Poort, E. D.
(2019). The representation of cognates and interlingual homographs in the bilingual lexicon. PhD Thesis, University College London, London, UK.
Cognates and interlingual homographs are words that exist in multiple languages. Cognates, like “wolf” in Dutch and English, also carry the same meaning. Interlingual homographs do not: the word “angel” in English refers to a spiritual being, but in Dutch to the sting of a bee. The six experiments included in this thesis examined how these words are represented in the bilingual mental lexicon. Experiment 1 and 2 investigated the issue of task effects on the processing of cognates. Bilinguals often process cognates more quickly than single-language control words (like “carrot”, which exists in English but not Dutch). These experiments showed that the size of this cognate facilitation effect depends on the other types of stimuli included in the task. These task effects were most likely due to response competition, indicating that cognates are subject to processes of facilitation and inhibition both within the lexicon and at the level of decision making. Experiment 3 and 4 examined whether seeing a cognate or interlingual homograph in one’s native language affects subsequent processing in one’s second language. This method was used to determine whether non-identical cognates share a form representation. These experiments were inconclusive: they revealed no effect of cross-lingual long-term priming.

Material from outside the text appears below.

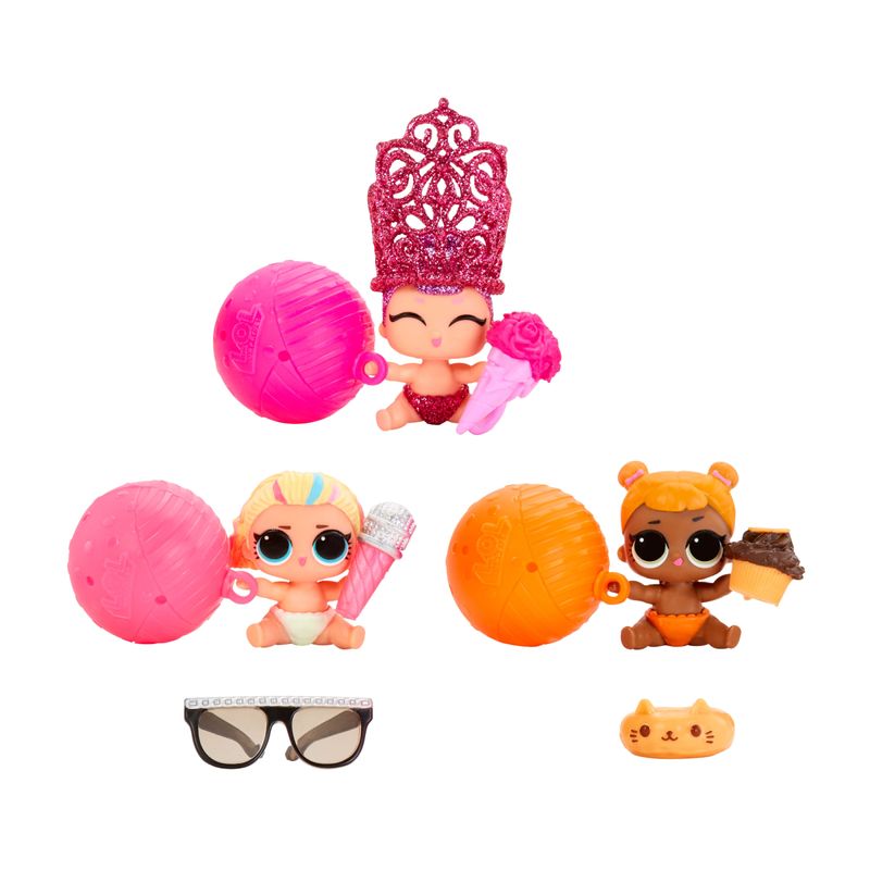 Cada Sooo Mini!™ L.O.L. Surprise Lil Sister inclui 5 surpresas: (1) Boneca Sooo Mini!™ L.O.L. Surprise! Lil Sisters™; (2) Sapatos; (3) Pingente; (4) Mini LOL Ball Unboxing; (5) Color Change Surprise™.

Most likely this was because a lexical decision task was used to probe an effect that is largely semantic in nature. Given these caveats to using lexical decision tasks, two final experiments used a semantic relatedness task instead. Both experiments revealed evidence for an interlingual homograph inhibition effect but no cognate facilitation effect. Furthermore, the second experiment found evidence for a small effect of cross-lingual long-term priming. After comparing these findings to the monolingual literature on semantic ambiguity resolution, this thesis concludes that it is necessary to explore the viability of a distributed connectionist account of the bilingual mental lexicon.